Wall Street looks set for a sustained post-crisis rebound in 2014, as an improving U.S. economy and jobs landscape provides big lenders with more customers, reports the Wall Street Journal.
Funds like the $5.3 billion Pioneer Fund and the $367 million Federated Investors fund are bullish on banks like Wells Fargo & Co. (NYSE:WFC), the nation’s largest mortgage lender.
Banks that profit substantially from commodities and proprietary trading, though, like Goldman Sachs Group Inc. (NYSE:GS), could suffer from new regulations like the recently approved Volcker rule.

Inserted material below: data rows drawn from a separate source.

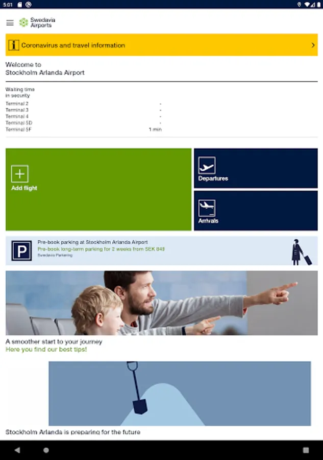 With this common app for Swedavia’s ten airports, you’ll have a complete overview of your journey.
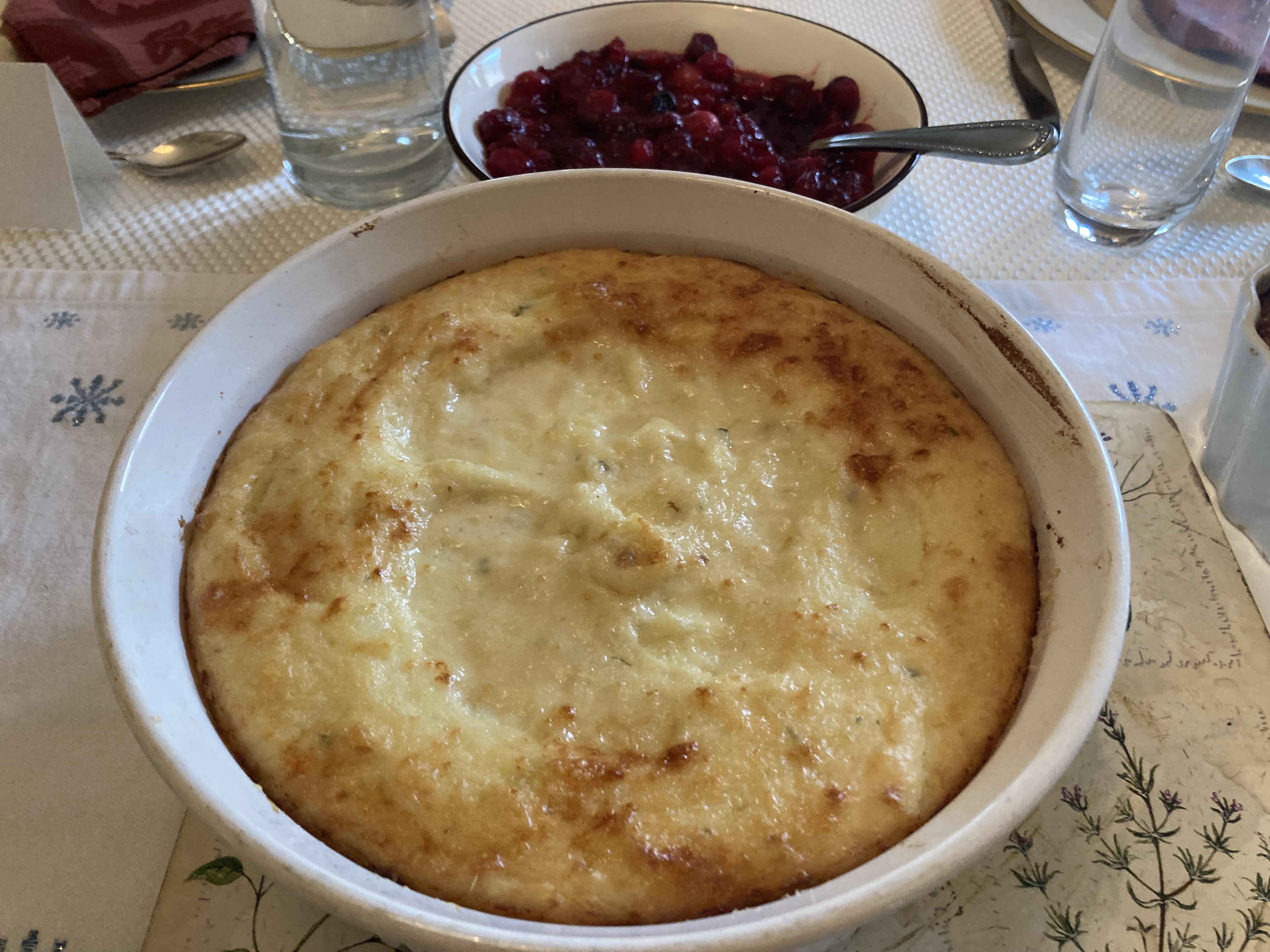A couple of weeks before Thanksgiving, this recipe popped up on my Facebook feed. I loved that it is a make ahead recipe. You make the recipe to the final step, then put it in the fridge overnight. Before dinner, assuming you have room in the oven, you pop the potatoes in the oven and bake until golden brown. Delicious, and very rich. I don’t think I would make my mashed potatoes like this for a regular dinner, but for a holiday meal? Absolutely. Recipe copied and pasted from Ina Garten, here. Goat Cheese Mashed Potatoes Ingredients Directions Preheat the oven to 375 degrees F. Place the potatoes, garlic, and…
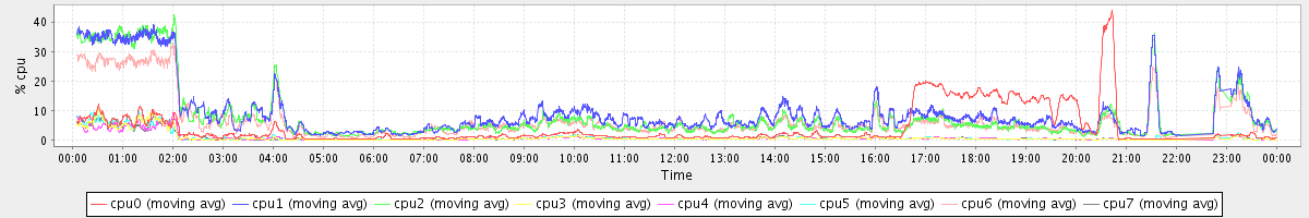 avg(cpu0) = 1.77 avg(cpu1) = 1.30 avg(cpu2) = 1.12 avg(cpu3) = 0.63 avg(cpu4) = 0.51 avg(cpu5) = 0.50 avg(cpu6) = 0.88 avg(cpu7) = 0.47
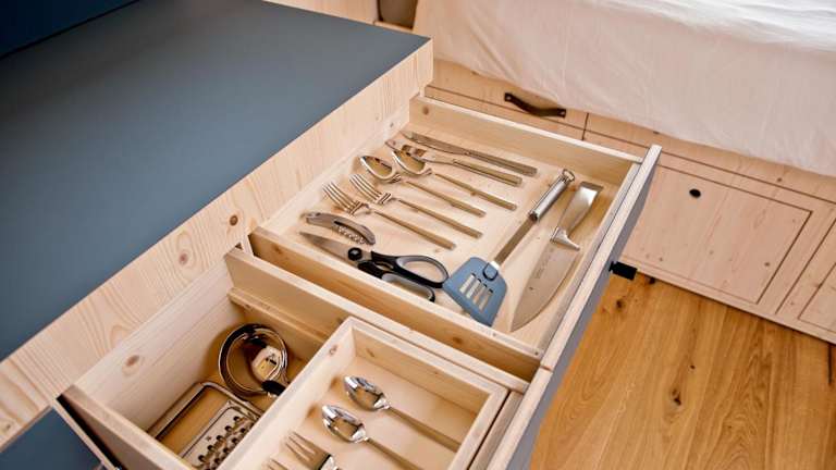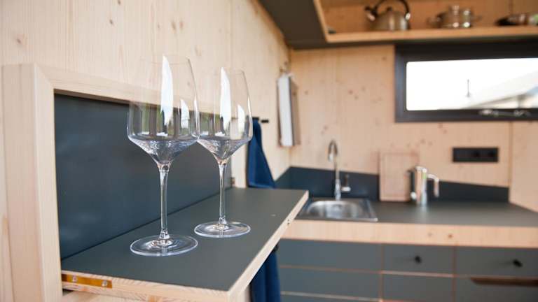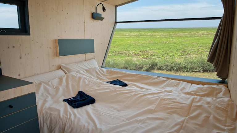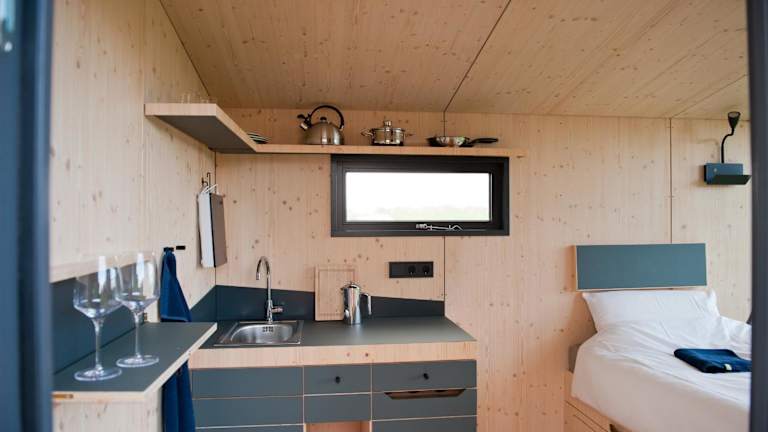 Das Ferienhaus besteht aus einem Schlafzimmer und einer voll ausgestatteten Küche. Handtücher und Bettwäsche werden bereitgestellt. Es ist zu beachten, dass die Unterkünfte keine eigenen Badezimmer haben; die Waschräume befinden sich in kurzer Entfernung auf dem Harlesiel-Campingplatz.

Banks could also benefit from their roles as underwriters in initial public offerings, after 2013 saw a bumper crop of public launches of domestic and foreign companies.
Banks will report quarterly earnings early in January, led by JPMorgan Chase & Co. (NYSE:JPM) and Wells Fargo on Jan. 14. The finance sector typically kicks off earnings season.
The financial sector saw total returns of 36 percent in 2013, according to a Goldman Sachs note from Monday. As a sector, it contributed the most on a weighted basis to the S&P 500’s total return in 2013, during a year when the index broke multiple records.
Wells Fargo, JPMorgan, Bank of America Corp. (NYSE:BAC) and Visa Inc. (NYSE:V) were among the top 20 stocks in the S&P 500 with the highest returns in 2013.
Still, those returns were lower than those offered by other sectors, like consumer, health care and industrial sectors, which scored returns of just over 40 percent. In terms of risk-adjusted returns, too, financial stocks ranked in the middle of the pack.
Financial firms grew earnings per share by about 30 percent in 2013, according to Goldman estimates. That’s better than overall S&P 500 earnings growth, at 10 percent. But financial companies could fare worse in 2014, where they’re expected to grow EPS by only 9 percent, below the market’s 12 percent.
Ironically enough, Goldman maintains a "neutral" rating for the financial sector.